E0627 00:27:21.381246    1782 client.cc:272] RAW: Coroner client retries enabled (b/136286901), will retry for up to 30 sec.
E0627 00:27:21.381253    1782 coredump_hook.cc:542] RAW: Sending fingerprint to remote end.
E0627 00:27:21.381276    1782 coredump_hook.cc:551] RAW: Cannot send fingerprint to Coroner: [NOT_FOUND] stat failed on crash reporting socket /var/google/services/logmanagerd/remote_coredump.socket (Is the listener running?): No such file or directory
E0627 00:27:21.381284    1782 coredump_hook.cc:603] RAW: Dumping core locally.
E0627 00:27:23.920542    1782 process_state.cc:808] RAW: Raising signal 6 with default behavior

This also occurred after explicitly installing the PyTorch package release that supports TPUs.
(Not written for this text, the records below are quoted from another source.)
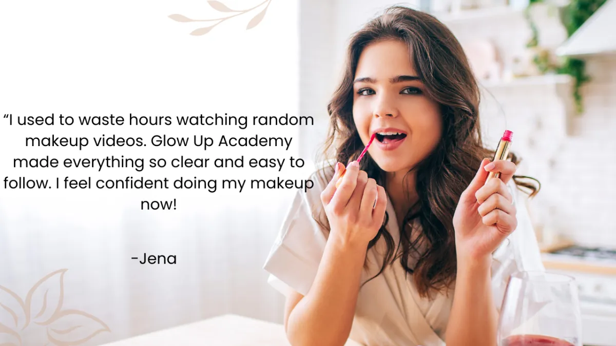“I used to waste hours watching random makeup videos. Glow Up Academy made everything so clear and easy to follow. I feel confident doing my makeup now!”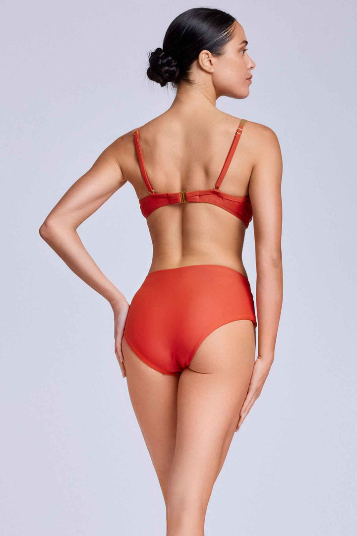 Dieser Bikini mit hohem leben und vorgeformten Cups bietet eine schmeichelhafte Silhouette kombiniert mit einem eleganten Design. Der Slip ist mit einem raffinierten Schmuckdetail veredelt, das einen Hauch von Raffinesse hinzufügt, während die verstellbaren schulterpolster eine perfekte und bequeme Passform gewährleisten. Ideal für alle, die Stil mit anspruchsvollem Komfort suchen.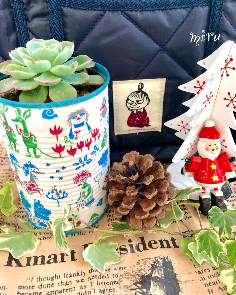 小さな模様だけどムーミンのリメ缶とミィのバックです(*˘︶˘*)

Here is the notebook I used to try to replicate the log entries: https://colab.research.google.com/drive/1zFZ248QPRT5ddXEOC2LBwUronJOWbMAE?usp=sharing

bittremieux commented 4 months ago

I couldn't get a TPU instance, but the warnings are also there when running an a CPU or GPU CoLab instance, so it's probably related to CoLab rather than TPU. You could briefly look into it, but I don't think it's worth wasting a lot of time on this.

Lilferrit commented 4 months ago

Another issue: through some experimenting it looks like the tensorflow warnings are logged before the Casanovo module is even loaded, so it looks like trying to filter the warnings would be a lot more difficult than its worth.